I am struggling with the following problem: Find the fundamental group of a space obtained by removing the unit circle from the x-y plane and z-axis from $\mathbb{R}^3$. I want to know what is the general strategy to solve problems like these. Any help will be greatly appreciated.
Regards, And
First, check if the space is homotopy equivalent to a more familiar space. In particular, see if the space deform retracts onto a simpler subspace. As BaronVT points out, $X=\mathbb{R}^3 \setminus (S^1 \cup \{\text{$z$-axis}\})$ deform retracts onto the (hollow) torus surrounding $S^1$. (If you're having trouble seeing this, try working with the space $Y=B^3 \setminus (S^1 \cup \{\text{$z$-axis}\})$, where $B^3 \subset \mathbb{R}^3$ is the unit ball; $X$ and $Y$ are homeomorphic.) It is often useful to imagine "pushing" the space away from whatever regions you've removed (say the $z$-axis) or "pulling" the space away from infinity (like in the deformation taking $\mathbb{R}^3$ to $B^3$).
For many problems like this, you want to divide up the space into subspaces whose fundamental groups are more easily computed. Then you can use van Kampen's theorem to amalgamate them to get $\pi_1$ of the original space.

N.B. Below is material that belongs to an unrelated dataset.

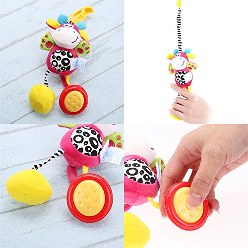 ベビーカー用玩具 ひっぱる動物おもちゃ ガラガラおもちゃ かわいい ぬいぐるみ 知育玩具 吊り下げおもちゃ ピンク

Instead of deforming the space or breaking it up into pieces, you can also try to take a different perspective on it. For example, if you imagine adding a point at infinity to close up the $z$-axis of $\mathbb{R}^3$, you get $S^3$. If you remove this "closed $z$-axis" and the unit circle in the $xy$-plane from $S^3$, you get the complement of a Hopf link in $S^3$. Then you could compute the fundemental group of the space using techniques specific to this new perspective, e.g. the Wirtinger presentation.